**WHAT YOU NEED TO DO**
Write down exactly the lines of the records below, beginning with the first and ending with the line that includes "5月10日(金)に前期生徒総".

::::

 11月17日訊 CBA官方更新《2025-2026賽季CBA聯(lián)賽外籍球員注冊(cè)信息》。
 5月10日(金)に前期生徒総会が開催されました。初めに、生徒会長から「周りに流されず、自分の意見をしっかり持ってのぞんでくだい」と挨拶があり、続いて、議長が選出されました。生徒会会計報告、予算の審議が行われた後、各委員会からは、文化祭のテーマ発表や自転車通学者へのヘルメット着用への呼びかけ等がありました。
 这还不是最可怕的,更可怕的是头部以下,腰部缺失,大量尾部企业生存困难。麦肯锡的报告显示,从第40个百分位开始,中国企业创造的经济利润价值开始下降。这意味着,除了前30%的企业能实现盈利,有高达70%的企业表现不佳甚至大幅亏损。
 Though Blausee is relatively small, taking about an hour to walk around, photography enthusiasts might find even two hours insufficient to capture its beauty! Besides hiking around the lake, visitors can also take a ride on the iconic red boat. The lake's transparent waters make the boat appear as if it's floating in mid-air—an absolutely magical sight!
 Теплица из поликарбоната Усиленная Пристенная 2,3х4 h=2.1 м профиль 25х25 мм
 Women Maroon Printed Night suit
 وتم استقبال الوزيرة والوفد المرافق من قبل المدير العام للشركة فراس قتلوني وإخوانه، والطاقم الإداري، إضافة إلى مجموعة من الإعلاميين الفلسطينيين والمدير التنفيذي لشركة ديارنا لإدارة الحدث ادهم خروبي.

::::

**OUTPUT OF THE TASK**
 11月17日訊 CBA官方更新《2025-2026賽季CBA聯(lián)賽外籍球員注冊(cè)信息》。
 5月10日(金)に前期生徒総会が開催されました。初めに、生徒会長から「周りに流されず、自分の意見をしっかり持ってのぞんでくだい」と挨拶があり、続いて、議長が選出されました。生徒会会計報告、予算の審議が行われた後、各委員会からは、文化祭のテーマ発表や自転車通学者へのヘルメット着用への呼びかけ等がありました。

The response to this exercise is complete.